Download or read book Enhanced Accident Tolerant LWR Fuels National Metrics Workshop Report written by and published by . This book was released on 2013 with total page pages. Available in PDF, EPUB and Kindle. Book excerpt:

Download or read book Evaluation Metrics Applied to Accident Tolerant Fuels written by and published by . This book was released on 2014 with total page pages. Available in PDF, EPUB and Kindle. Book excerpt: The safe, reliable, and economic operation of the nation's nuclear power reactor fleet has always been a top priority for the United States' nuclear industry. Continual improvement of technology, including advanced materials and nuclear fuels, remains central to the industry's success. Decades of research combined with continual operation have produced steady advancements in technology and have yielded an extensive base of data, experience, and knowledge on light water reactor (LWR) fuel performance under both normal and accident conditions. One of the current missions of the U.S. Department of Energy's (DOE) Office of Nuclear Energy (NE) is to develop nuclear fuels and claddings with enhanced accident tolerance for use in the current fleet of commercial LWRs or in reactor concepts with design certifications (GEN-III+). Accident tolerance became a focus within advanced LWR research upon direction from Congress following the 2011 Great East Japan Earthquake, resulting tsunami, and subsequent damage to the Fukushima Daiichi nuclear power plant complex. The overall goal of ATF development is to identify alternative fuel system technologies to further enhance the safety, competitiveness and economics of commercial nuclear power. Enhanced accident tolerant fuels would endure loss of active cooling in the reactor core for a considerably longer period of time than the current fuel system while maintaining or improving performance during normal operations. The U.S. DOE is supporting multiple teams to investigate a number of technologies that may improve fuel system response and behavior in accident conditions, with team leadership provided by DOE national laboratories, universities, and the nuclear industry.
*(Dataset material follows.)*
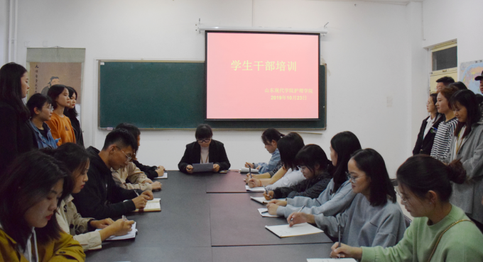 为提升学生干部的服务意识,提高学生干部的组织管理能力,促进学院工作更好的发展,促进同学和学院、同学和老师、同学和同学之间的沟通了解。2019年10月23日,山东现代学院护理学院再一教214举行了学生干部培训会议,办公室主任王筱琳主持本次会议,全体学生会干部参加本次会议。

Concepts under consideration offer both evolutionary and revolutionary changes to the current nuclear fuel system. Mature concepts will be tested in the Advanced Test Reactor at Idaho National Laboratory beginning in Summer 2014 with additional concepts being readied for insertion in fiscal year 2015. This paper provides a brief summary of the proposed evaluation process that would be used to evaluate and prioritize the candidate accident tolerant fuel concepts currently under development.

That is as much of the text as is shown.